**Exercise goal**
All entries below must be written out verbatim, and the images must be dropped.

[Source records — start]

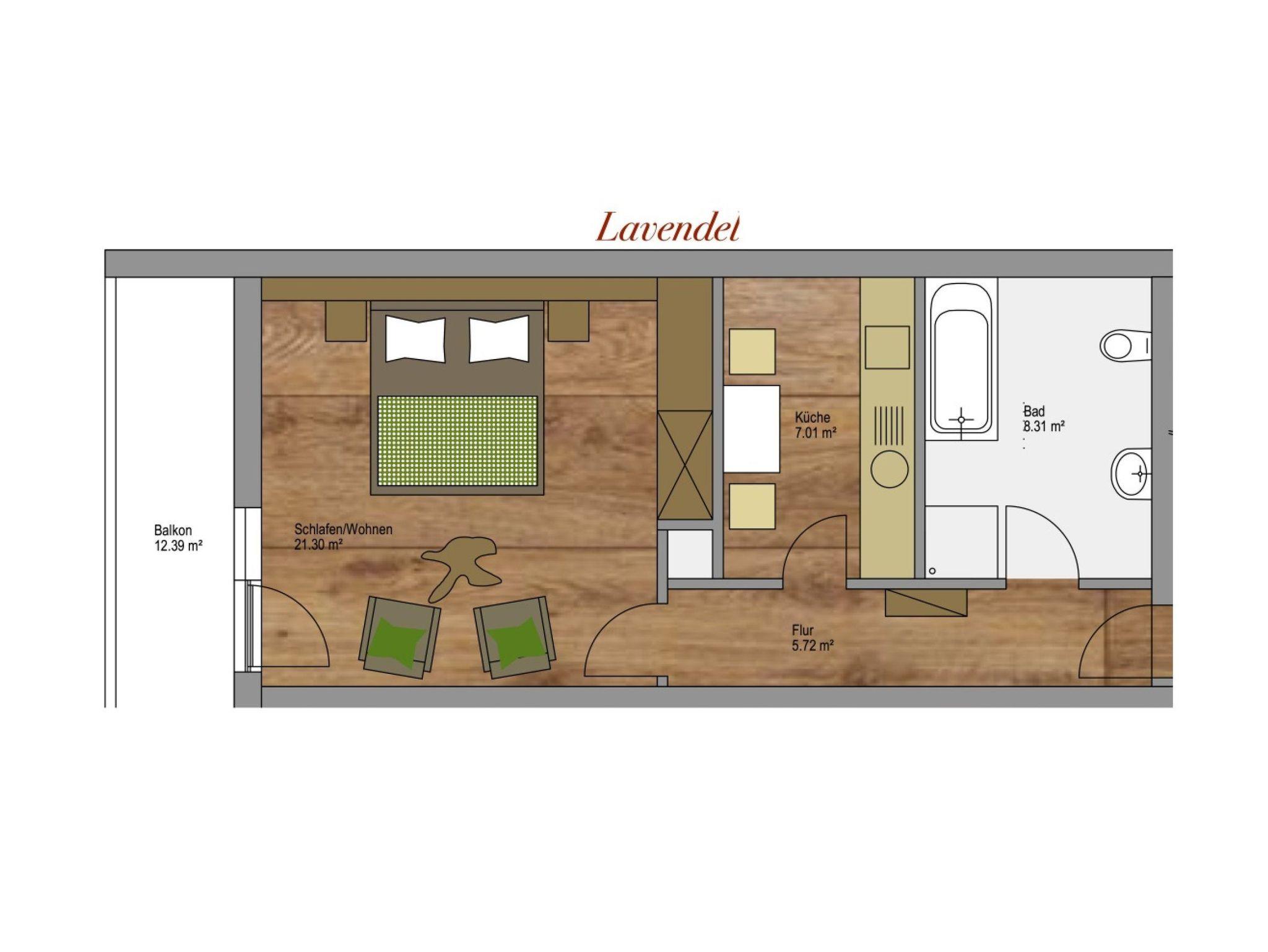 Die Dachgeschosswohnung Lavendel ist wie geschaffen zum Wohlfühlen. Hier finden Sie Gemütlichkeit und Heimeligkeit auf 42 m². Klein aber fein.Ruhe und Geborgenheit. Mit kombiniertem Wohn-/ Schlafbereich und separater Küche.
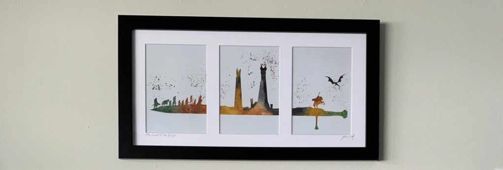 There were a lot of great options, and I ended up choosing a watercolour triptych with scenes from each movie in the trilogy balanced on a sword. Rachel got a bottle opener shaped like the shards of Narsil. Why the sword theme? Well, it’s in Rivendell that Bilbo gives Sting to Frodo, and in the books, Aragorn leaves the elven city equipped with Narsil’s shards reforged. Initially, Rachel wanted to get an actual sword, but ECCC only sold foam swords (probably smart), and in the end a real sword felt more like an End of the Journey reward.
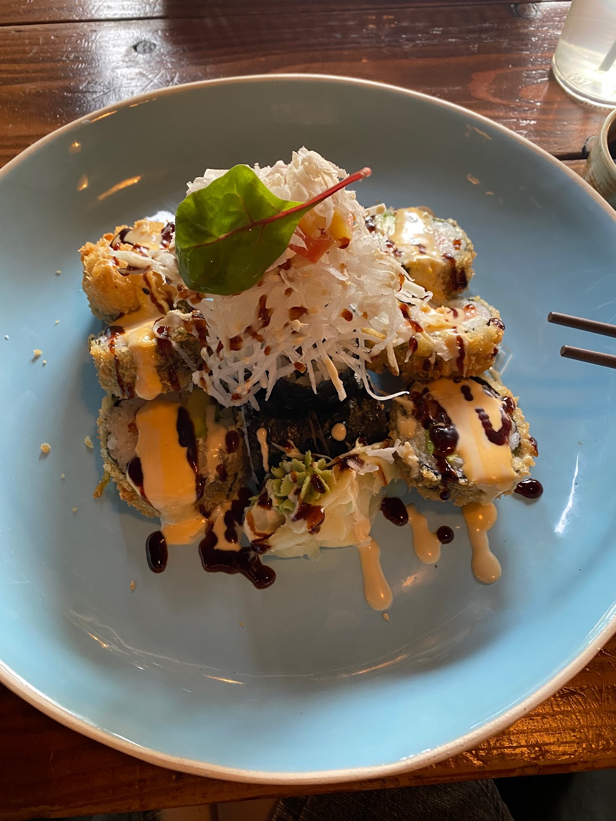Amazing fresh sushi, can recommend the soups and salads as well. The food is always displayed in a playful way with lots of yummy extras like fresh ground radish, mango bits and tasty sauces. One of my favorite fusion kitchen spots around Neukölln ????
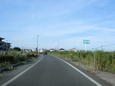 | 緩やかな下り勾配のある2車線道路を走っていると平野部となって水田の中の平坦な2車線道路を快走する。大原橋を渡ってから程なくして島根r286久手港入口交差点を通過する。 | ||
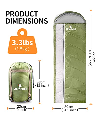 【Sacco a pelo da esterno per 4 stagioni】Il sacco a pelo COVACURE 210 * 78 cm è progettato per dormire bene la notte dopo un'intera giornata all'aperto. Può essere utilizzato per 4 stagioni da 5 ℃ a 15 ℃. Non importa quanto duro e ruvido sia il pavimento, il tuo sacco a pelo è sempre comodo.

[Source records — finish]

**Task response**
 Die Dachgeschosswohnung Lavendel ist wie geschaffen zum Wohlfühlen. Hier finden Sie Gemütlichkeit und Heimeligkeit auf 42 m². Klein aber fein.Ruhe und Geborgenheit. Mit kombiniertem Wohn-/ Schlafbereich und separater Küche.
 There were a lot of great options, and I ended up choosing a watercolour triptych with scenes from each movie in the trilogy balanced on a sword. Rachel got a bottle opener shaped like the shards of Narsil. Why the sword theme? Well, it’s in Rivendell that Bilbo gives Sting to Frodo, and in the books, Aragorn leaves the elven city equipped with Narsil’s shards reforged. Initially, Rachel wanted to get an actual sword, but ECCC only sold foam swords (probably smart), and in the end a real sword felt more like an End of the Journey reward.
Amazing fresh sushi, can recommend the soups and salads as well. The food is always displayed in a playful way with lots of yummy extras like fresh ground radish, mango bits and tasty sauces. One of my favorite fusion kitchen spots around Neukölln ????
 | 緩やかな下り勾配のある2車線道路を走っていると平野部となって水田の中の平坦な2車線道路を快走する。大原橋を渡ってから程なくして島根r286久手港入口交差点を通過する。 | ||
 【Sacco a pelo da esterno per 4 stagioni】Il sacco a pelo COVACURE 210 * 78 cm è progettato per dormire bene la notte dopo un'intera giornata all'aperto. Può essere utilizzato per 4 stagioni da 5 ℃ a 15 ℃. Non importa quanto duro e ruvido sia il pavimento, il tuo sacco a pelo è sempre comodo.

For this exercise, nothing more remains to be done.